Malta's quad-play telecoms provider Go plc announced its financial results for the year ended December 31, 2007. The group maintained both its turnover and profit levels. Last year's revenue amounted to €131.8 million (Lm56.6 million) which is above 2006 turnover which stood at Lm55.4 million (€129 million). The group's profit before tax is €27.7 million (Lm11.9 million) (in 2006: €27.9 million; Lm12 million).

This profitability represents a return of 14.1 per cent (2006: 14.4 per cent) of the average shareholders' funds and of 10.4 per cent (2006: 10.8 per cent) of the average total assets employed.

The gross margin for the year amounted to €51.9 million (Lm22.3 million) (2006: Lm25.6 million), equivalent to 39.3 per cent (2006: 46.1 per cent) of total revenues. Net operating costs excluding voluntary retirement costs and VAT claim refundable amounted to €108.1 million (Lm46.4 million) (2006: Lm40.7 million) and mainly represent interconnection charges with other operators, labour costs and depreciation. The tax expense for the year amounted to Lm4.7 million or €10.9 million (2006: Lm3.9 million).

Earnings per share for 2007 amounted to €0.165 (7c1) (2006: 8c). The board of directors is recommending the payment of a final dividend of €0.11c65 equivalent to Lm0.05c (2006: Lm0.05c0) net of tax per share for the approval of the shareholders at the next annual general meeting to be held on April 11. The dividend will be payable on April 16. This net dividend will be payable to shareholders who will be on the register as at March 14.

Go chairman Sonny Portelli said: "In 2007, Go experienced strong growth in broadband, mobile and digital television services, which are making up for the decline in revenues from traditional fixed line services which continued in the year.

"Last year Go managed to maintain its revenues, and actually grow them, in the face of intense competition and extensive regulation of the core services.
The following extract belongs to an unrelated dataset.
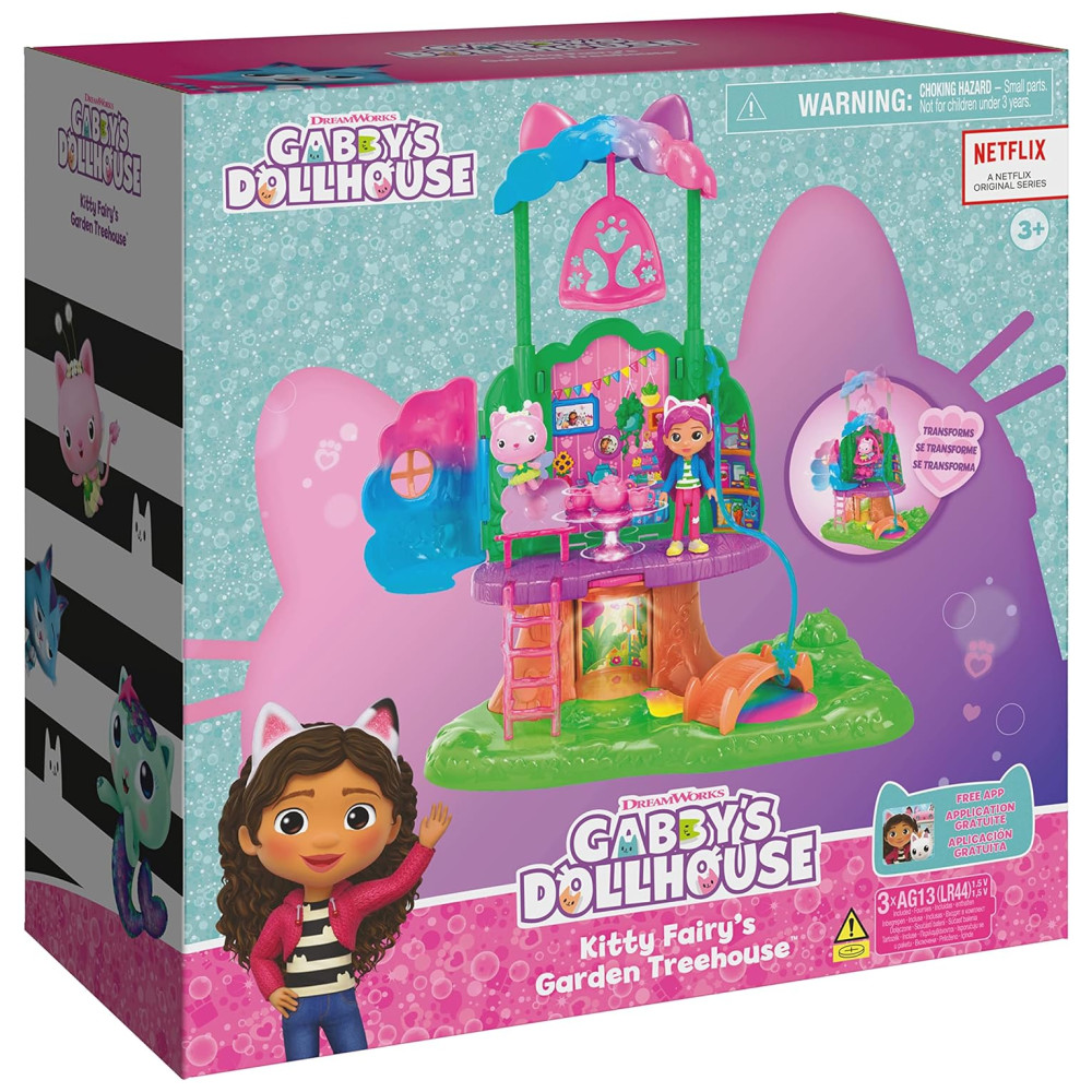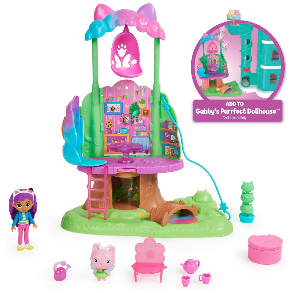 Inclui 1 Kitty Fairys Garden Treehouse Playset, 2 Figuras, 3 Móveis, 1 Dollhouse Delivery, 5 Acessórios, 1 Folha de Instruções

We also maintained group profitability. Moreover, the continued trend of significant cash generation and strong balance sheet was maintained."
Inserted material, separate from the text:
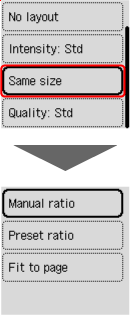 Selecteer de juiste verhouding voor de grootte van het origineel en het paginaformaat.

Mr Portelli said that new opportunities, such as Smart City, will mean that Go will be entering new areas of business as well as consolidating and growing existing ones.

"With the launch of our second submarine cable linked to Interoute, we have positioned ourselves as the local telecoms provider which has the best international connectivity solutions. Moreover, with the announcement last month of the acquisition of a 22 per cent in one of Greece's major broadband providers, Forthnet, Go and its major shareholder - Emirates International Telecommunications - have entered into a new market and hence guaranteed new revenue streams and more opportunities for future growth," he explained.

Go chief executive officer David Kay said: "2007 will be remembered as the year where we actively entered the TV market, so our vision of becoming Malta's first quadruple-play telecoms company materialised. In February 2007, we officially acquired Multiplus Ltd and immediately integrated its operations into those of the fixed line business. Our multi-million euro investment in both TV content as well as the transmission and head-end technologies has resulted in more than the doubling of our customer base within a matter of a year. As at the beginning of 2008, we have close to 25,000 Go Plus TV customers, and the numbers are growing day by day," Mr Kay said.

Mr Kay added that in the broadband sector Go continued to increase its market share and revenues, while in mobile sector the company has acquired high-spending post-paid customers and maintained its share of the market. Revenues from Go Mobile remain a key contributing factor to the group's profitability, despite last summer's introduction of the new, reduced roaming rates, as imposed by the EU.